(Data provided begins)

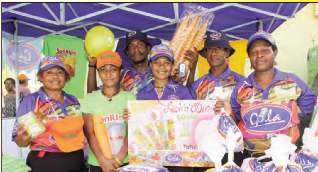
Gala gala yam, tru tru kala ol karim, ol soim olgeta kala bilong ol samting bilong ol.
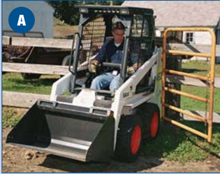
Loader - 700 lbs
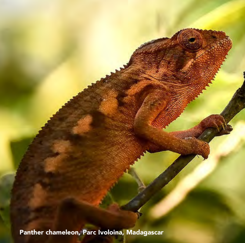
Panther chameleon, Parc Ivoloïna, Madagascar
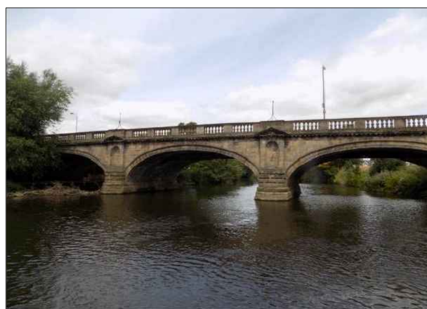
St Mary's Bridge Built 1794

(Data provided ends)

— Your objective —
Transcribe the listing above verbatim. No picture belongs in the result.

— Solution —
Gala gala yam, tru tru kala ol karim, ol soim olgeta kala bilong ol samting bilong ol.
Loader - 700 lbs
Panther chameleon, Parc Ivoloïna, Madagascar
St Mary's Bridge Built 1794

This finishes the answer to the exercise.